• Work order
Beginning at the line containing "Omdat Marconiplein van", repeat each line below exactly up to and including the line containing "⑤ 시즌 도전 기간 내 순위 페이지에서 수련의탑 순위 점수를 등록합니다.". Do not repeat the pictures.

• Exercise inputs
============
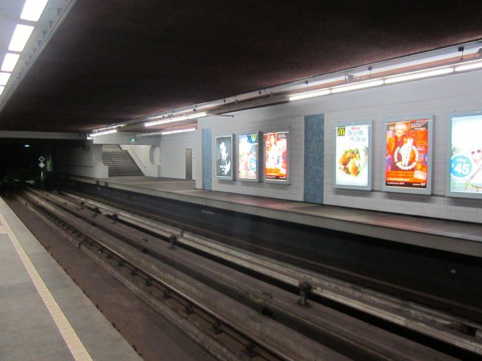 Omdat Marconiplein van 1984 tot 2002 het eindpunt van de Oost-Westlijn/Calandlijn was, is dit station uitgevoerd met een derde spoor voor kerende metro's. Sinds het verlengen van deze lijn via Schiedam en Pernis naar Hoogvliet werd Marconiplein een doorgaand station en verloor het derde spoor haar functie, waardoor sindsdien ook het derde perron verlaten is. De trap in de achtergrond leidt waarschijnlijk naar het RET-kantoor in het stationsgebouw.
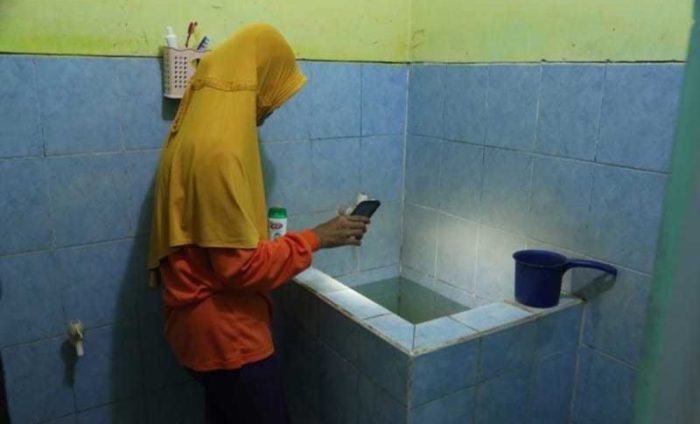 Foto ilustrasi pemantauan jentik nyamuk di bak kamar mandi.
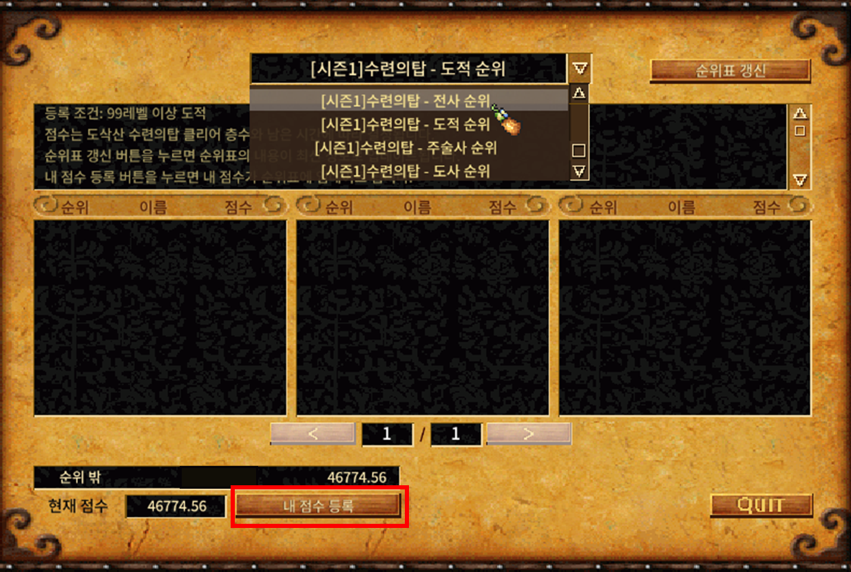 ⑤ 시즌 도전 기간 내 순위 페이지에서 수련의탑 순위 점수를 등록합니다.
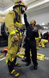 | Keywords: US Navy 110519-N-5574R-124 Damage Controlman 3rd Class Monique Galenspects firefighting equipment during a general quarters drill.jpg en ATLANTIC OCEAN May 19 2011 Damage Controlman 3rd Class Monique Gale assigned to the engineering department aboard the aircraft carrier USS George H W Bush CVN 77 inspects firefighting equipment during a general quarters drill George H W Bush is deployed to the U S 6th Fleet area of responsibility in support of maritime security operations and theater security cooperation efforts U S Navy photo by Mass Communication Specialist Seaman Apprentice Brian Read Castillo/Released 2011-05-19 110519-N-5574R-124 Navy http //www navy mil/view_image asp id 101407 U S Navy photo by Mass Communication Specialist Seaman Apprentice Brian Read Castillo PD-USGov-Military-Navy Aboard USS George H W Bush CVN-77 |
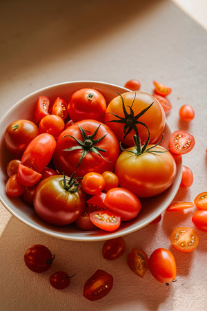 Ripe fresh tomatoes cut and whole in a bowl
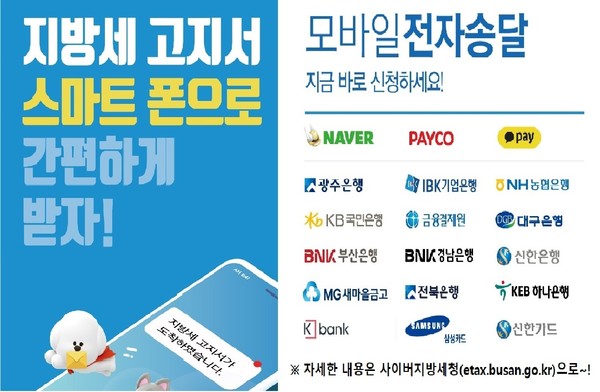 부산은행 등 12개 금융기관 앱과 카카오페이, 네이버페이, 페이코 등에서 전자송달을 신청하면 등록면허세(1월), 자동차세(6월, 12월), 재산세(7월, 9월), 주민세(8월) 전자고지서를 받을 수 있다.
============
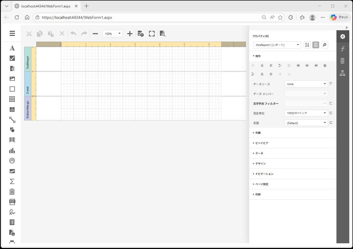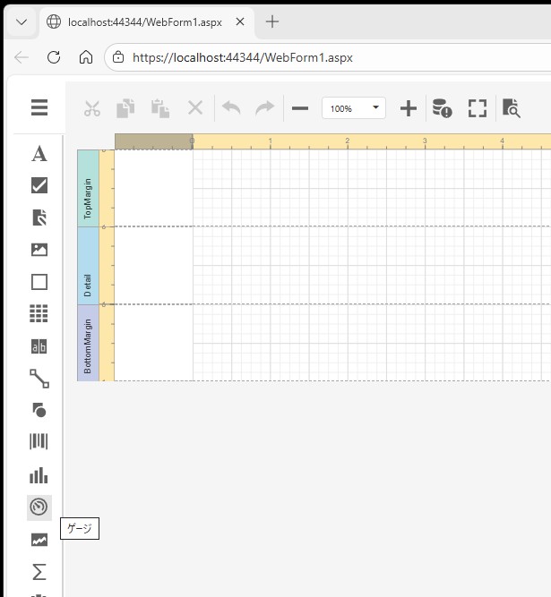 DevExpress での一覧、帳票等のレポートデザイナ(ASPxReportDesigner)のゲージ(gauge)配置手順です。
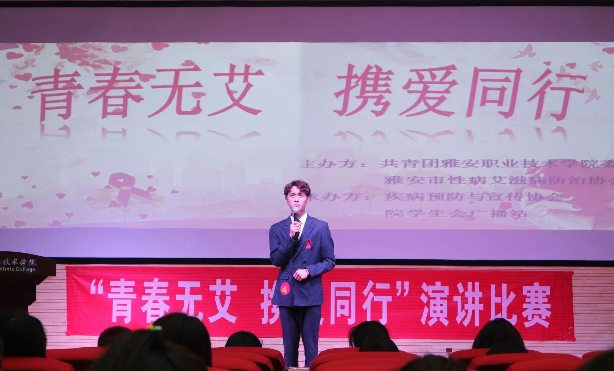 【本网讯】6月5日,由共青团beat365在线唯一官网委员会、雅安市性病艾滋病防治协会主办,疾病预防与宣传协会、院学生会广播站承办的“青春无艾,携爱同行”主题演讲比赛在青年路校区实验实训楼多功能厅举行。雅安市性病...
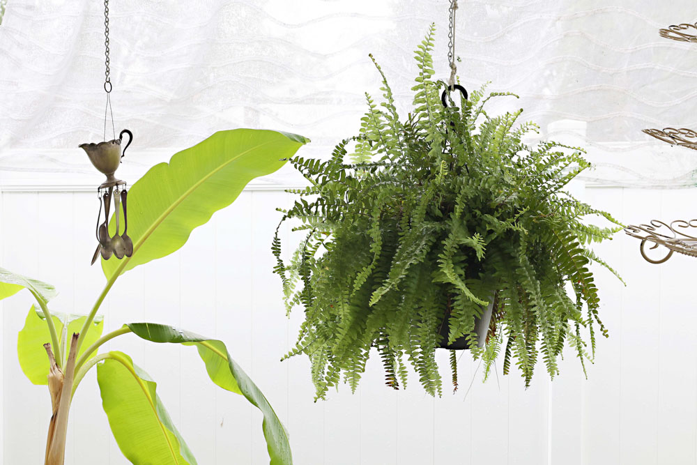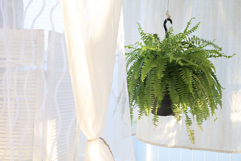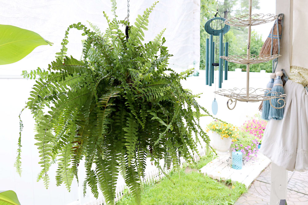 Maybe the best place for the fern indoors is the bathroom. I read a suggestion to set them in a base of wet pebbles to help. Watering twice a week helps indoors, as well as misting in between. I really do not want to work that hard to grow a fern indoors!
============
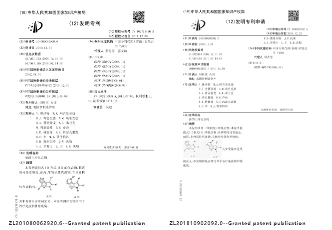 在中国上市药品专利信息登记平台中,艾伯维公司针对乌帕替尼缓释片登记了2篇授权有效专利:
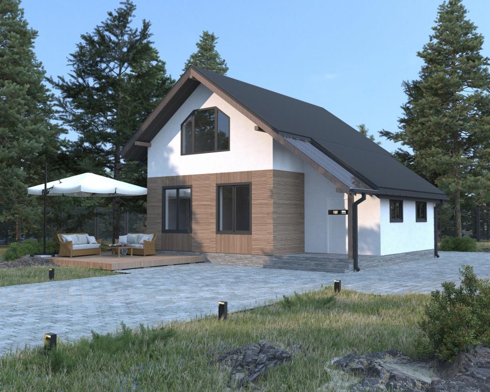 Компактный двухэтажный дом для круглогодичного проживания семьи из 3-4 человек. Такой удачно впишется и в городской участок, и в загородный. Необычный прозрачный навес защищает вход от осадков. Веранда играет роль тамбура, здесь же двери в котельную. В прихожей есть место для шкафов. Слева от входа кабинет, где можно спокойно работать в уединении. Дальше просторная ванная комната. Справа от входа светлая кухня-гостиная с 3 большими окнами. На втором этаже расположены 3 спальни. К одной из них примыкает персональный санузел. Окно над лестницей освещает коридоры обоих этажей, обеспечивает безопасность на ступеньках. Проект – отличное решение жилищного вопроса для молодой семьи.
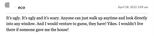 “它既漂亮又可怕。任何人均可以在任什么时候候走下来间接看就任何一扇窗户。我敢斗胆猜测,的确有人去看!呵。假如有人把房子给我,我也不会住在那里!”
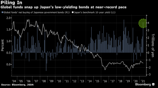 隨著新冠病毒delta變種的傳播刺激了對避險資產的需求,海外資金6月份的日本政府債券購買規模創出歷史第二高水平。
============
• Written response
 Omdat Marconiplein van 1984 tot 2002 het eindpunt van de Oost-Westlijn/Calandlijn was, is dit station uitgevoerd met een derde spoor voor kerende metro's. Sinds het verlengen van deze lijn via Schiedam en Pernis naar Hoogvliet werd Marconiplein een doorgaand station en verloor het derde spoor haar functie, waardoor sindsdien ook het derde perron verlaten is. De trap in de achtergrond leidt waarschijnlijk naar het RET-kantoor in het stationsgebouw.
 Foto ilustrasi pemantauan jentik nyamuk di bak kamar mandi.
 ⑤ 시즌 도전 기간 내 순위 페이지에서 수련의탑 순위 점수를 등록합니다.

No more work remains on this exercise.